To be exact, Gardasil does not protect against 30% of the types of HPV which cause cervical cancer. Armed with this knowledge, who would still want to get the vaccine and have unprotected sex with questionable partners? I am unable to find exact stats, but I would personally feel much safer using a condom. When used correctly, condoms are fairly reliable protection--although they still leave a woman partially susceptible, because HPV can be spread to and from peripheral areas which are left uncovered.

Then there are the other things for which you are at risk: gonorrhea, syphilis, HIV, and herpes, to name a few. And don't forget about pregnancy. I know some of you are wondering what kind of an idiot would think this vaccine could serve as birth control. The answer is not an idiot, but a teenager. (These are some of the same kids who don't believe oral sex qualifies as sex.) My mother-in-law told me about a friend whose daughter had been told by one of her peers about the virtues of the vaccine--which in her warped perception included birth control. I hope this girl was an exception; however, perceived protection against pregnancy is not the only false sense of security encouraged by the vaccine.

As if all this weren't enough, this shot is hurting girls. They don't go over this in the saccharine-sweet commercial in which the mother-daughter pairs discuss their reasons for vaccinating while painting one another's toenails. One 18-year-old, Amanda, was a varsity athlete until she received her first dose. She developed pain at her injection site, which traveled to the rest of her body. She is now chronically ill and must take morphine just to get through the pain. There are others, although to be fair, it is not clear in all the cases that Gardasil caused the illness. The mere shadow of a chance is enough for me.

I cannot fathom taking my daughter to get a shot which will leave her 30% susceptible to cancer-causing HPV and will put her at risks the likes of which we may not even know yet. Furthermore, I think vaccinating a girl sends the message that we, as a society and as parents, expect her to be promiscuous. If we didn't, why would we vaccinate her at all? When I was a teenager my mother explained to me that she didn't want me to have sex before marriage, but if I thought I might I should come tell her so she could help me take necessary precautions. To me, there is a huge difference between that and vaccinating all our girls for an STD when some are barely old enough to know what sex is. My mom's approach sent the message that she didn't expect that kind of behavior from me in the first place.

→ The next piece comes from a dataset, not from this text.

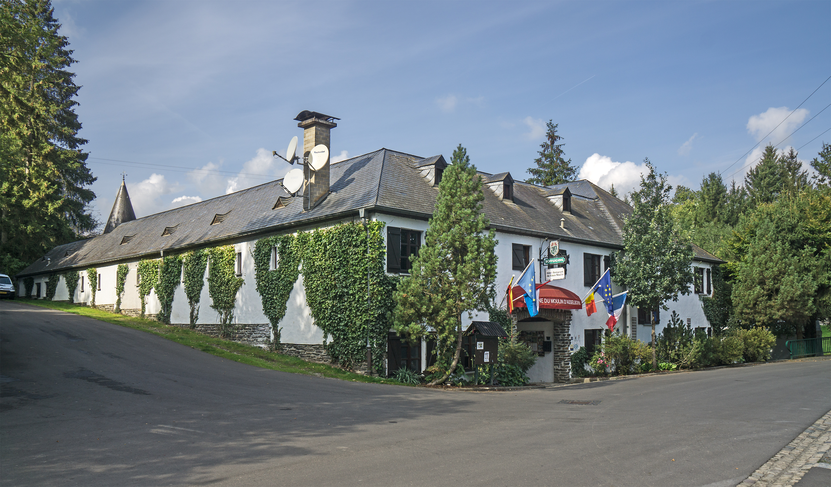 Mill of Asselborn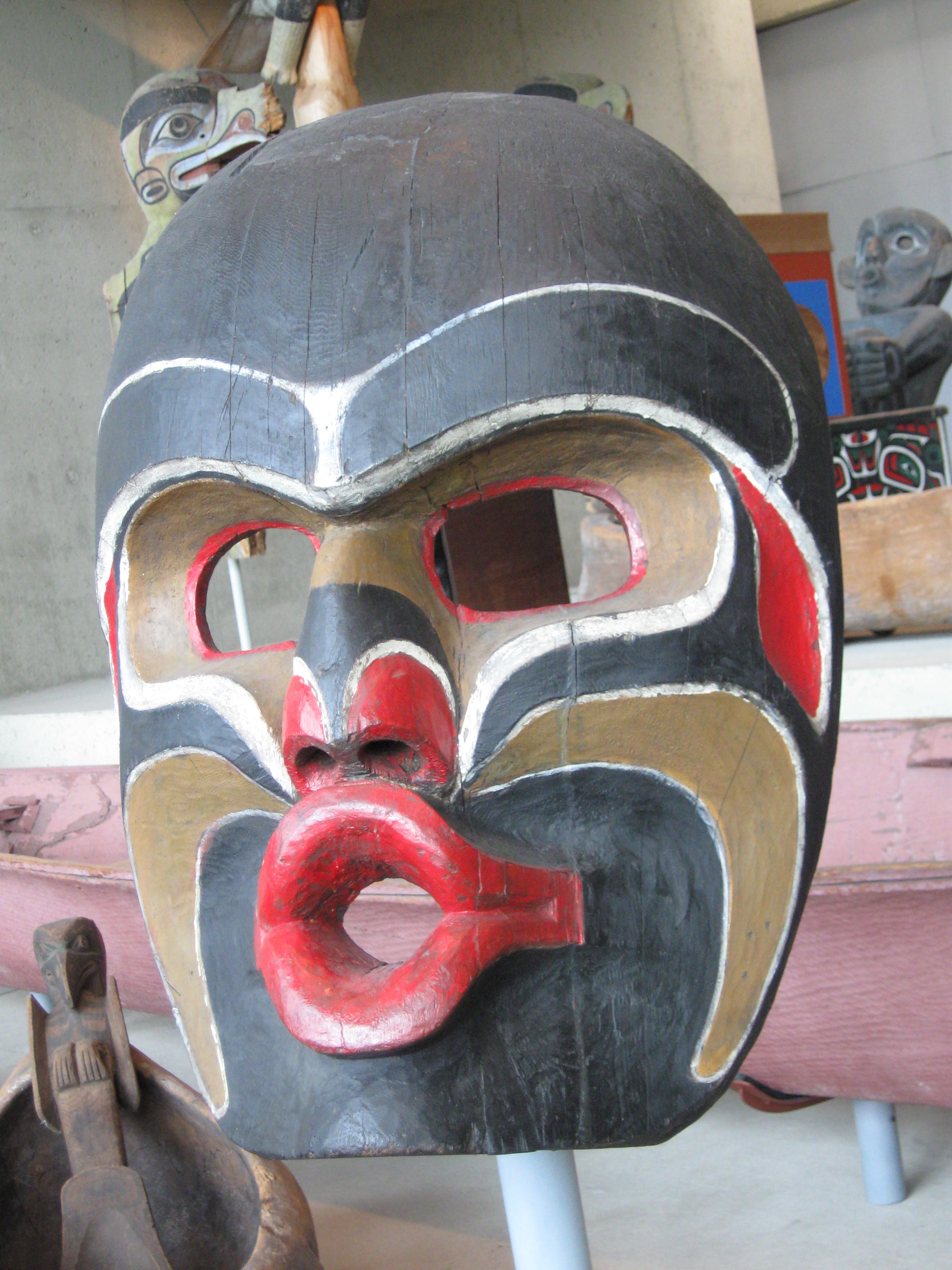 This exquisite cedar c.1900 Gugwame'sa Dzunuk'wa or "Face of Dzunuk'wa" item was a native Indian feast dish-cover. It features bright red paint and was purchased by UBC's Museum of Anthropology in 1953 where it is now on display. (Vancouver, Canada)

So what are we trying to do here? Are they going to continue to develop vaccines until they have every imaginable STD covered (if not eradicated), at which point we all might as well go at it like rabbits? Have we become feminists to the point we believe a girl should be able to have as much sex as she wants without any fear of repercussions? On a spiritual level, that Brave New World vision doesn't work for me. Sex isn't something teenagers should be having for a myriad of reasons, and all the research in the world can't create a vaccine to protect them from the emotional damage it can cause.

I am so glad that Jordan and I were able to give one another the gift of knowing without a doubt that our relationship would never be plagued with an STD (not to mention the emotional baggage that may have come from previous partners). It means even more to me now as a mother, because several venereal diseases can cause harm to a baby during pregnancy and childbirth. I wish every woman could have the peace of mind I have, but they aren't going to find it in a syringe.

8 comments:

Emily said...

Amen, sister! Every time I go in for my yearly physical, the nurse bugs me about getting the vaccine. I always decline, but it gets annoying hearing it over and over. I guess it's hard for some people these days to believe that two people can be exclusive to each other (no other partners, either before or currently). One ob-gyn even had the gall to say to me "what if you're raped? what if you go through a divorce?" What kind of doctor uses scare tactics like that? I get irritated just thinking about it.

Kristin said...

This vaccine irks me, too. It is assumed that all teenagers have sex and that all of them need to be "protected" before they begin. The recommended age for this vaccine is ages 11-12!!!

Beth said...

Yeah, we're not going anywhere near that vaccine either. You always have conversation sparking posts :-)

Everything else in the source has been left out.